# Your objective
The lines below, from the first through the one containing "오늘의 김종원 작가님 글 낭송 안내입니다", are to be given again exactly, with pictures left out and nothing added.

# Collection entries
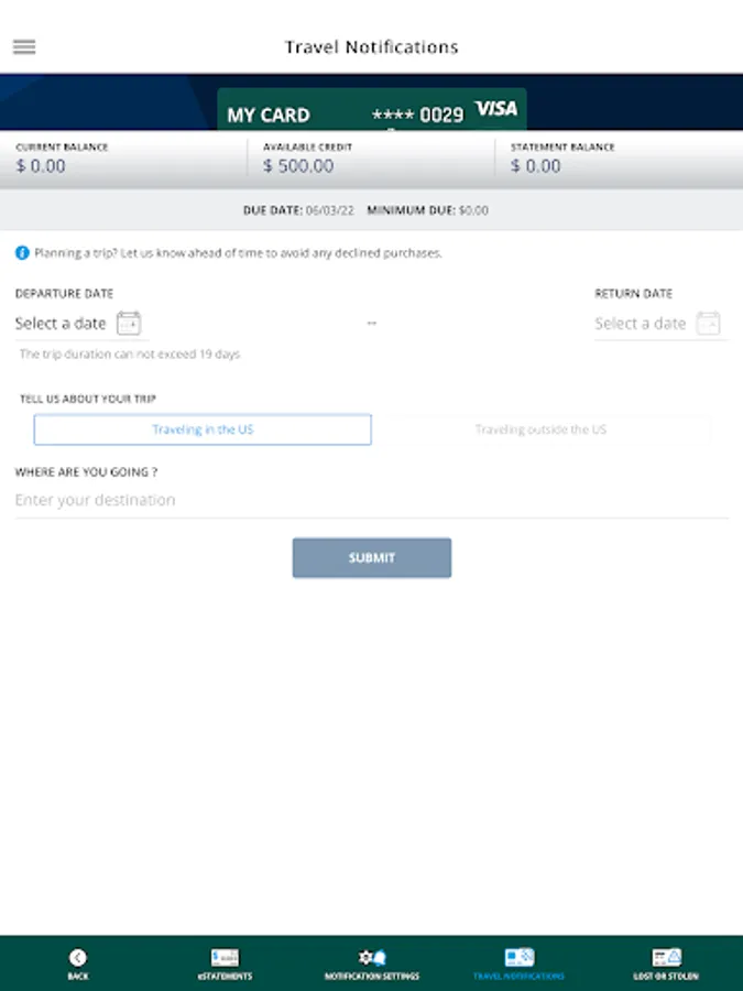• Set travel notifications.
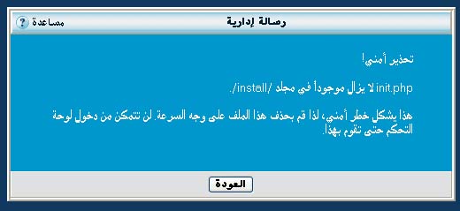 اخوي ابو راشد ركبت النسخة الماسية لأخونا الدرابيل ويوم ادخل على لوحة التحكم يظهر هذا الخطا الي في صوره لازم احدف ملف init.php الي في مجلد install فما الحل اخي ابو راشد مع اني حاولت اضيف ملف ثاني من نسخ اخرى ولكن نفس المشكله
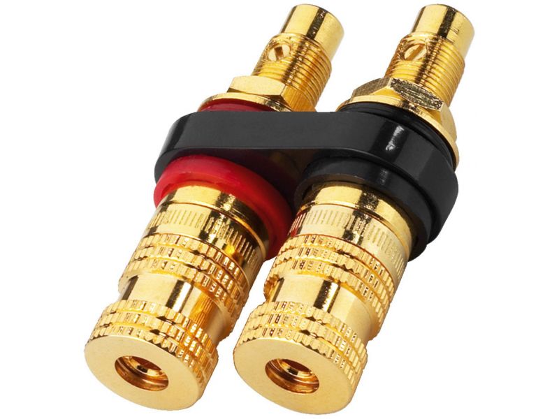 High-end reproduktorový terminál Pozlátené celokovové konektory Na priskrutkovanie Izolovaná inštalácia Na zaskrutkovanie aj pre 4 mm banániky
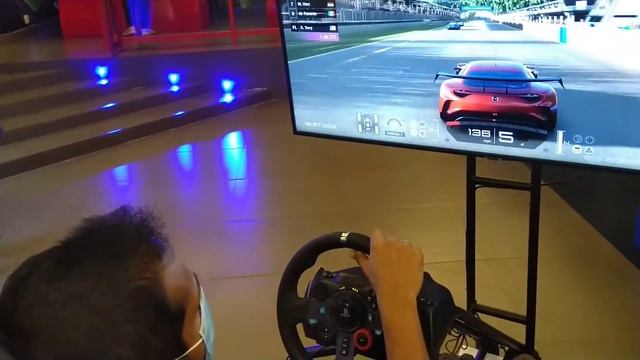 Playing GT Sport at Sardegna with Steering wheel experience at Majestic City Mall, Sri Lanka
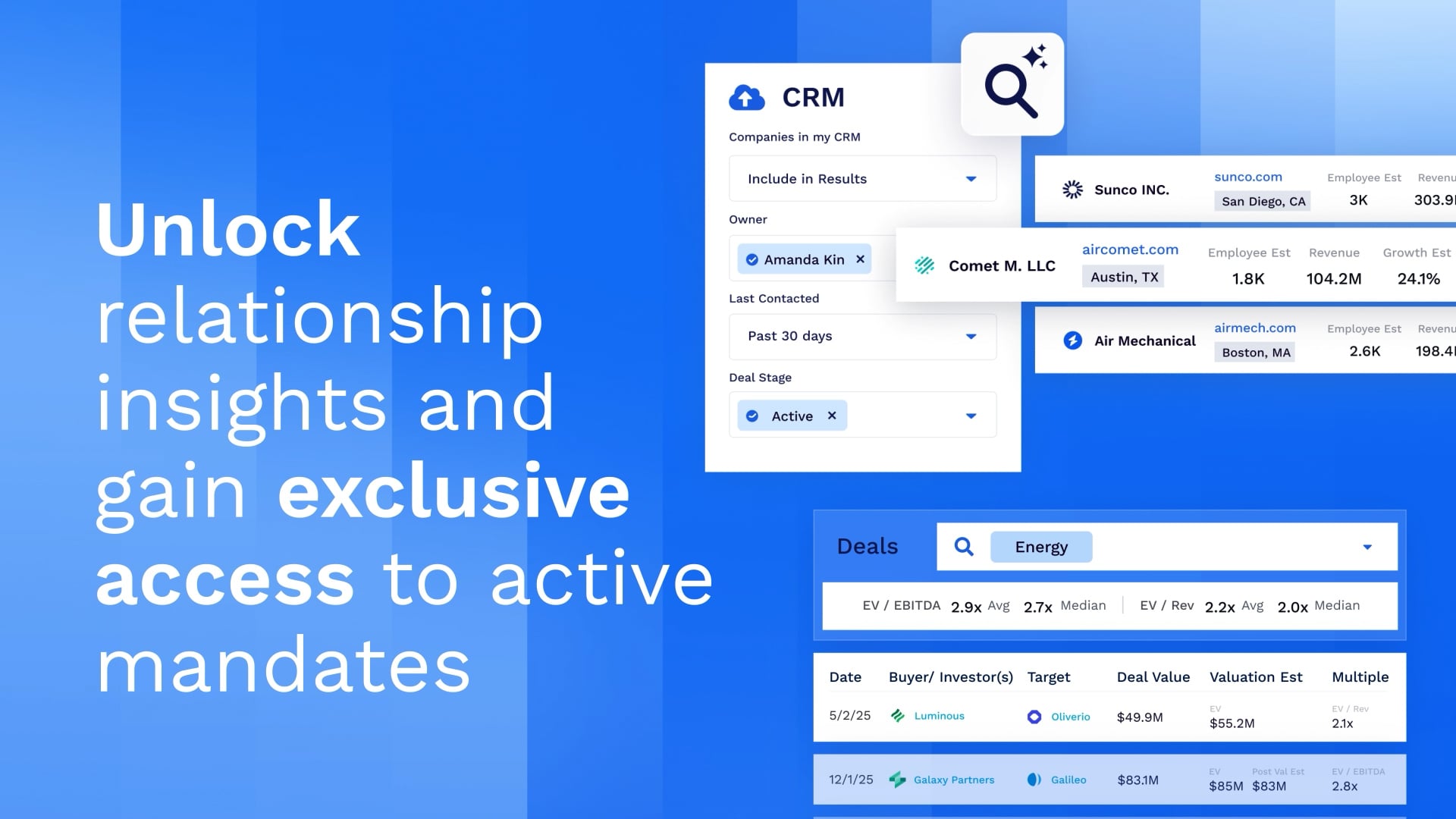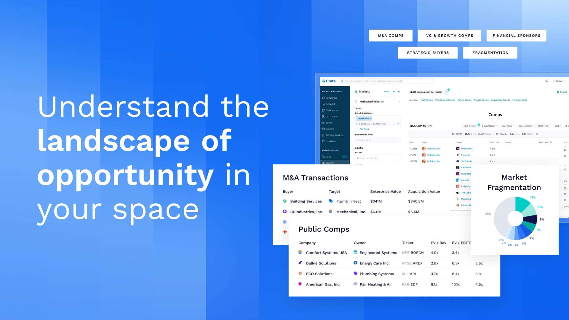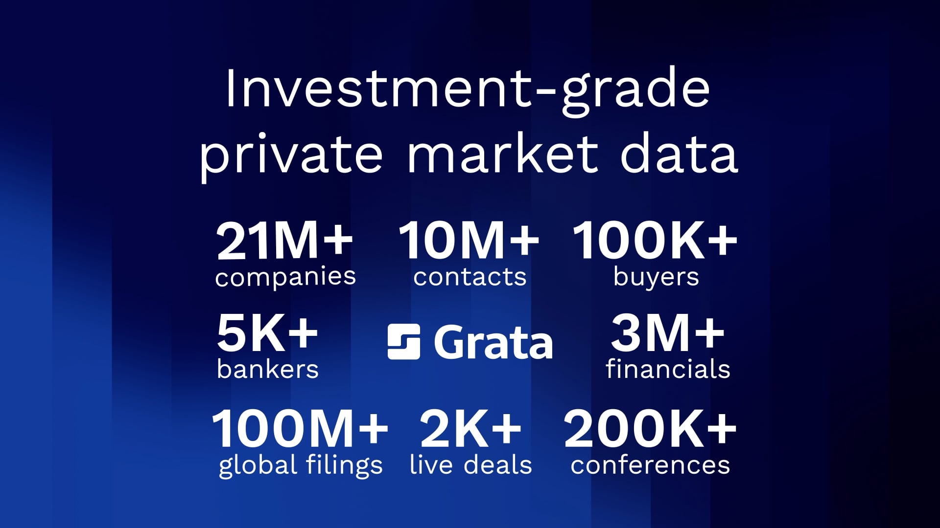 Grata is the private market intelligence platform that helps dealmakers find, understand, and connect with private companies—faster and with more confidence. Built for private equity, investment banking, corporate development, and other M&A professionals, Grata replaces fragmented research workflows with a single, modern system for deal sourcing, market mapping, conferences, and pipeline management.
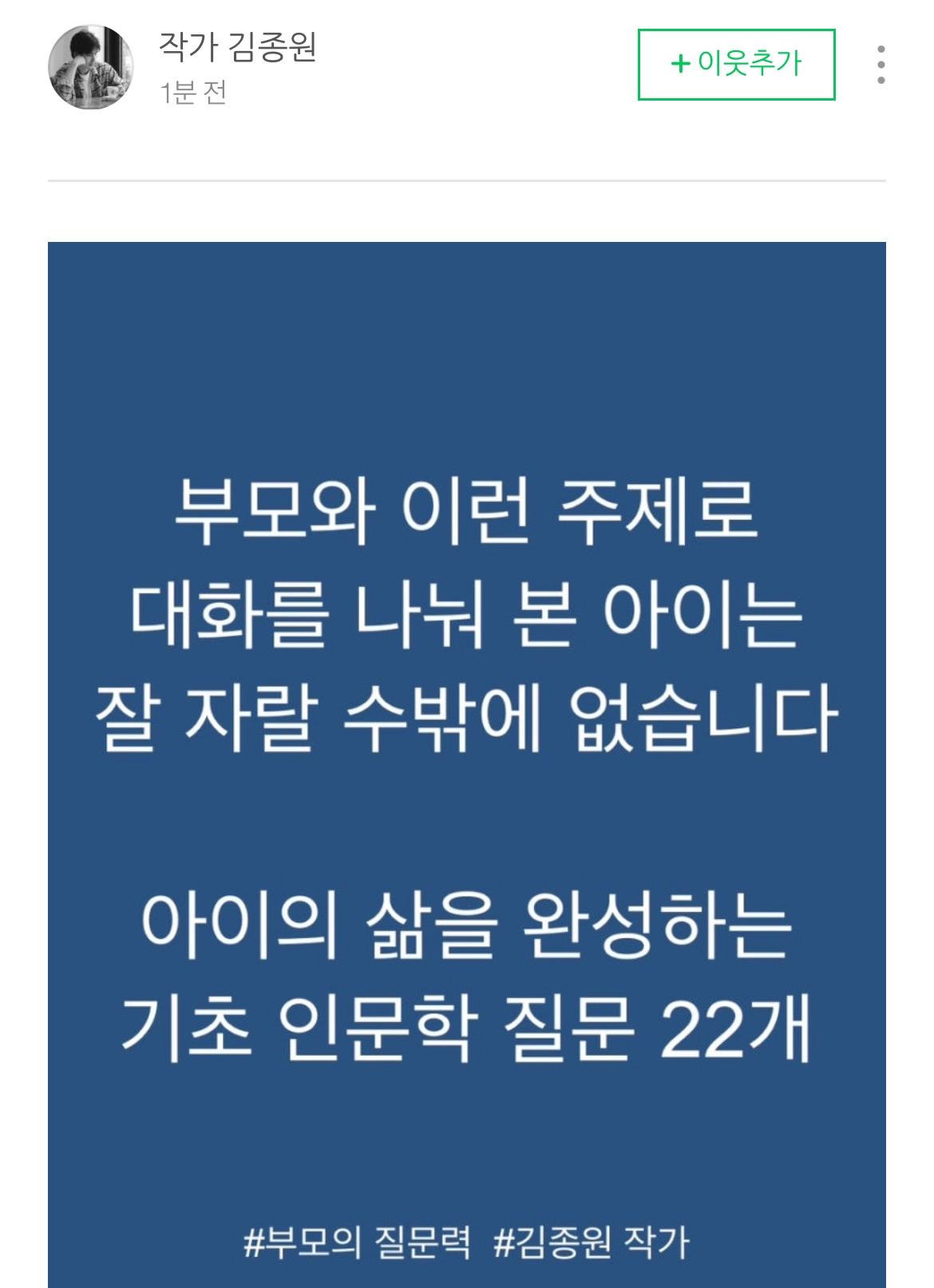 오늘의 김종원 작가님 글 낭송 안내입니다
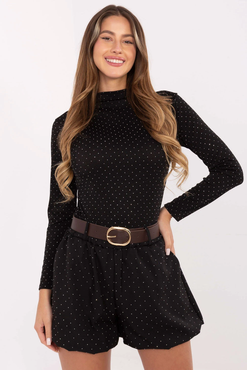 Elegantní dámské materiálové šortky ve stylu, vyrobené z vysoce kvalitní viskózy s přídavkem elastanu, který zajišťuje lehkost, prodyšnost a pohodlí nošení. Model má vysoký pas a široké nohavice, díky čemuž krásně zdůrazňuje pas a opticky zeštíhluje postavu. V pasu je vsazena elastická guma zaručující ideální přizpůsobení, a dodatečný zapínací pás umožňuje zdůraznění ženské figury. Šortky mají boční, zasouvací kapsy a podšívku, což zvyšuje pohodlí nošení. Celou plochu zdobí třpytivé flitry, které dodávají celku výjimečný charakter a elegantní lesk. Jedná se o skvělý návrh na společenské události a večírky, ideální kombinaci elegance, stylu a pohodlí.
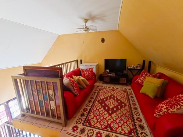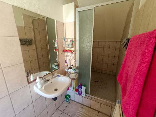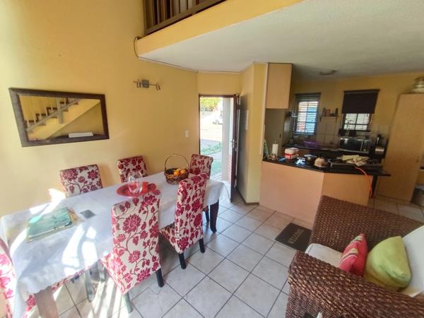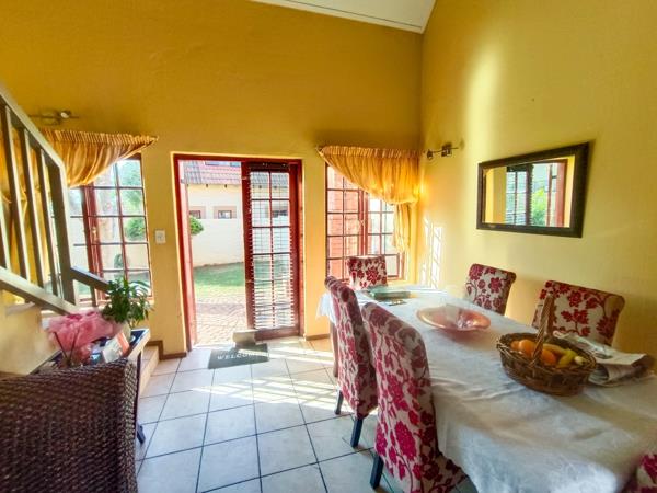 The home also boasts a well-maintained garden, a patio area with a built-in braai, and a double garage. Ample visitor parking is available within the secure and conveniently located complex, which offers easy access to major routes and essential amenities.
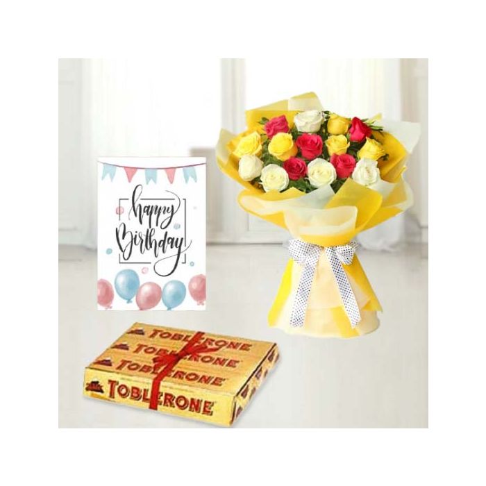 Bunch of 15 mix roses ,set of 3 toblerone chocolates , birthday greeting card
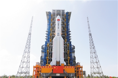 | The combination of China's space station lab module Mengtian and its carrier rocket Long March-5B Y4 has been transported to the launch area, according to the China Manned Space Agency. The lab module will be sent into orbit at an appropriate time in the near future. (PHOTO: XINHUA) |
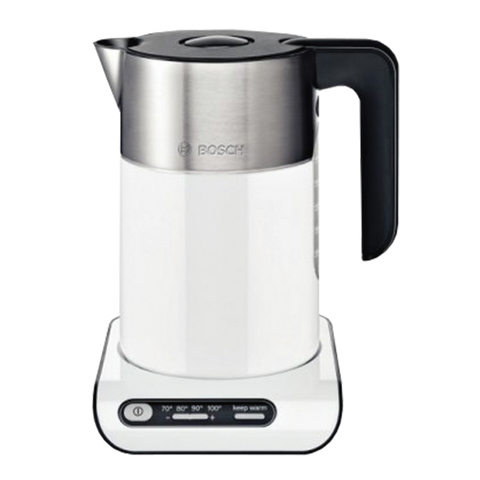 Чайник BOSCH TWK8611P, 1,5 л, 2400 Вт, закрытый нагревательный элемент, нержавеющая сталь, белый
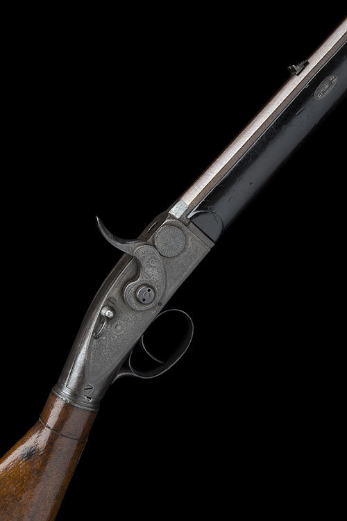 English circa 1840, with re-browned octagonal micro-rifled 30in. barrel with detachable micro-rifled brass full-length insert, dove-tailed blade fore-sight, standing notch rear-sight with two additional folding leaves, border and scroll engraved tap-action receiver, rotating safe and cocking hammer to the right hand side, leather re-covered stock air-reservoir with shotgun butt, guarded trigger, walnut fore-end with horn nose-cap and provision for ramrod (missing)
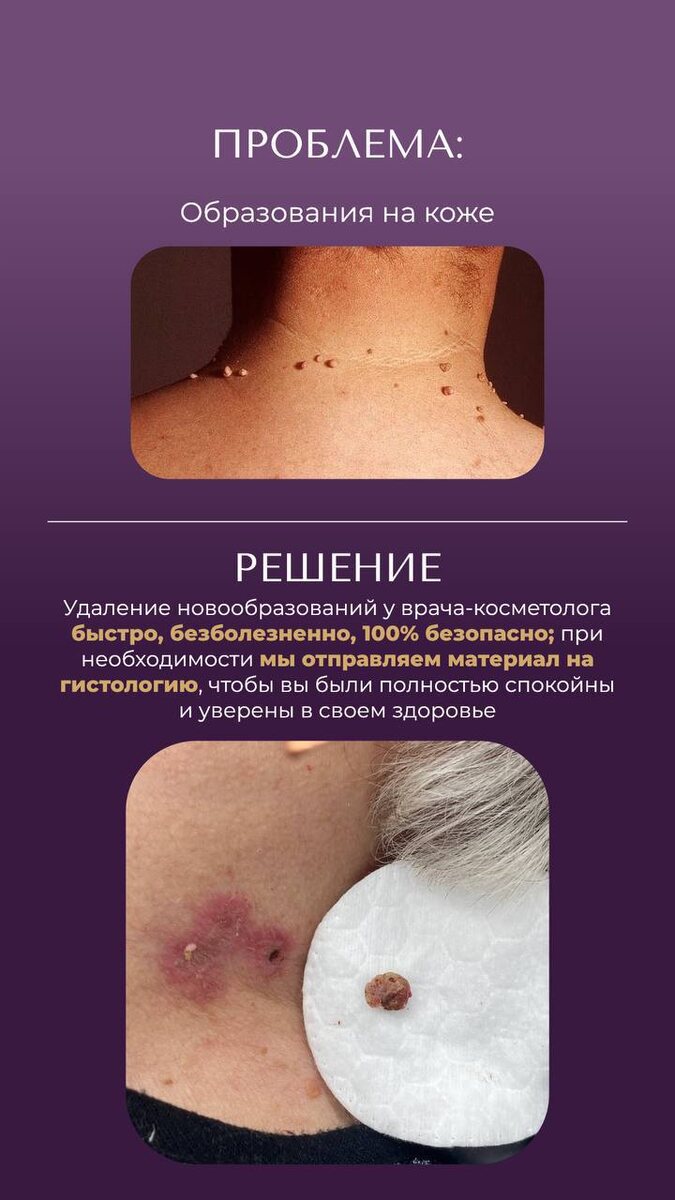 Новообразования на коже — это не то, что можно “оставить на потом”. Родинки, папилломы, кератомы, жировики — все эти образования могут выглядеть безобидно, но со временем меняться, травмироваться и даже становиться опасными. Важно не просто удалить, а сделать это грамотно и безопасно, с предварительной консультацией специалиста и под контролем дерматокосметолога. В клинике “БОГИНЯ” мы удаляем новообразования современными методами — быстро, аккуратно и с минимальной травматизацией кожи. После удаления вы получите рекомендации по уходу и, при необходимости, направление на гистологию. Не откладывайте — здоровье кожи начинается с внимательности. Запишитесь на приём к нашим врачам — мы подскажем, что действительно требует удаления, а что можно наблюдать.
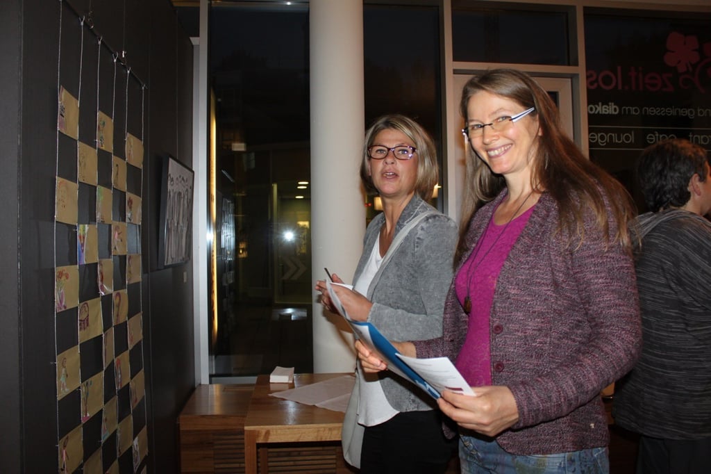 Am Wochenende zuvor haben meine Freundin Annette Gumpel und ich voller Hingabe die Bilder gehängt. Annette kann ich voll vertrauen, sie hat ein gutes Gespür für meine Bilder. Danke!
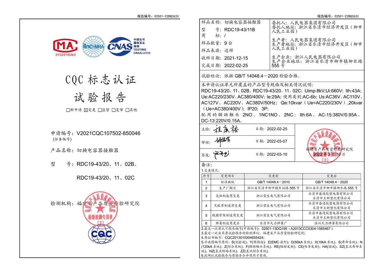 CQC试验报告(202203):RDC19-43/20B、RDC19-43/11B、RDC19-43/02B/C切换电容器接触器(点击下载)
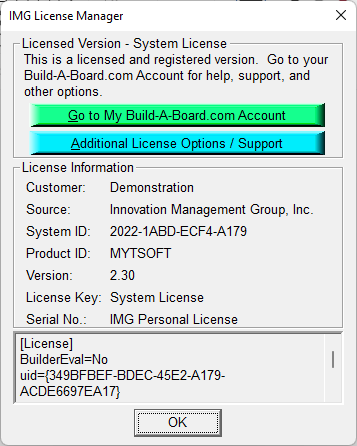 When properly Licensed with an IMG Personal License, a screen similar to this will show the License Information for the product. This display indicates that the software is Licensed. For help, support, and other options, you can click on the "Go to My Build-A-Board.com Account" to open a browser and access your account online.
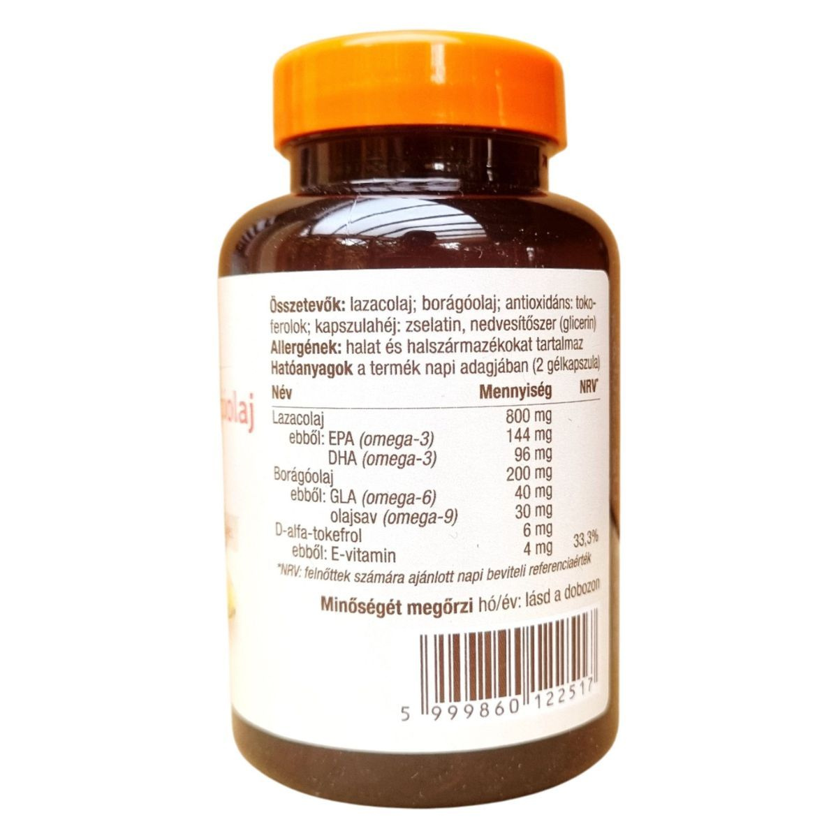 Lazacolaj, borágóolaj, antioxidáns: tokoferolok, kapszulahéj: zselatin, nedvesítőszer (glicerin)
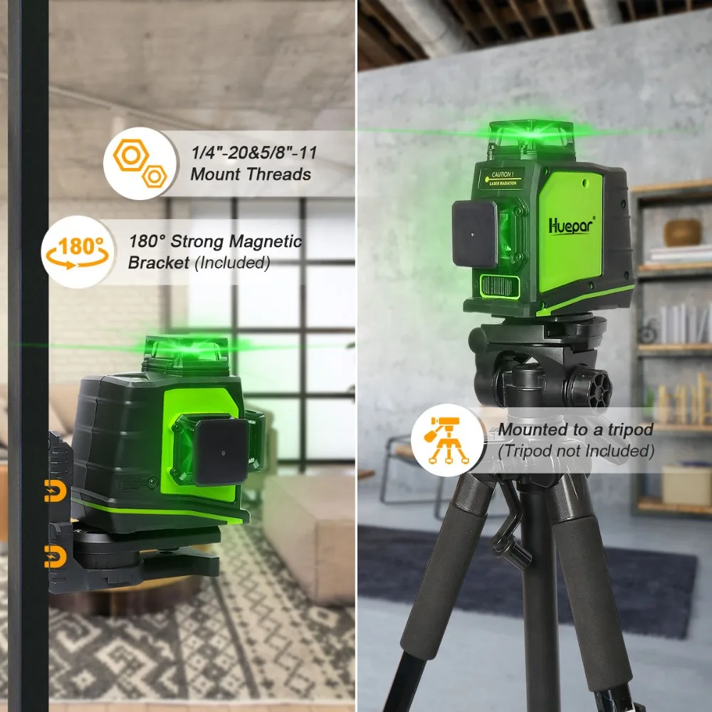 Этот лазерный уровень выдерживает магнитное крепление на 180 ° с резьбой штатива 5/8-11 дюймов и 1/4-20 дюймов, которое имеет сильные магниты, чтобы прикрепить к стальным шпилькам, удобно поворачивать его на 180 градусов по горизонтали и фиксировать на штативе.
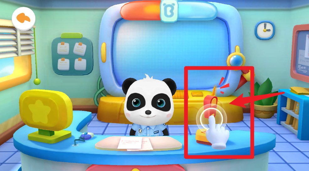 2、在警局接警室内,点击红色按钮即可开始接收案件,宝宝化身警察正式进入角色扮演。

# Solved exercise
• Set travel notifications.
 اخوي ابو راشد ركبت النسخة الماسية لأخونا الدرابيل ويوم ادخل على لوحة التحكم يظهر هذا الخطا الي في صوره لازم احدف ملف init.php الي في مجلد install فما الحل اخي ابو راشد مع اني حاولت اضيف ملف ثاني من نسخ اخرى ولكن نفس المشكله
 High-end reproduktorový terminál Pozlátené celokovové konektory Na priskrutkovanie Izolovaná inštalácia Na zaskrutkovanie aj pre 4 mm banániky
 Playing GT Sport at Sardegna with Steering wheel experience at Majestic City Mall, Sri Lanka
 Grata is the private market intelligence platform that helps dealmakers find, understand, and connect with private companies—faster and with more confidence. Built for private equity, investment banking, corporate development, and other M&A professionals, Grata replaces fragmented research workflows with a single, modern system for deal sourcing, market mapping, conferences, and pipeline management.
 오늘의 김종원 작가님 글 낭송 안내입니다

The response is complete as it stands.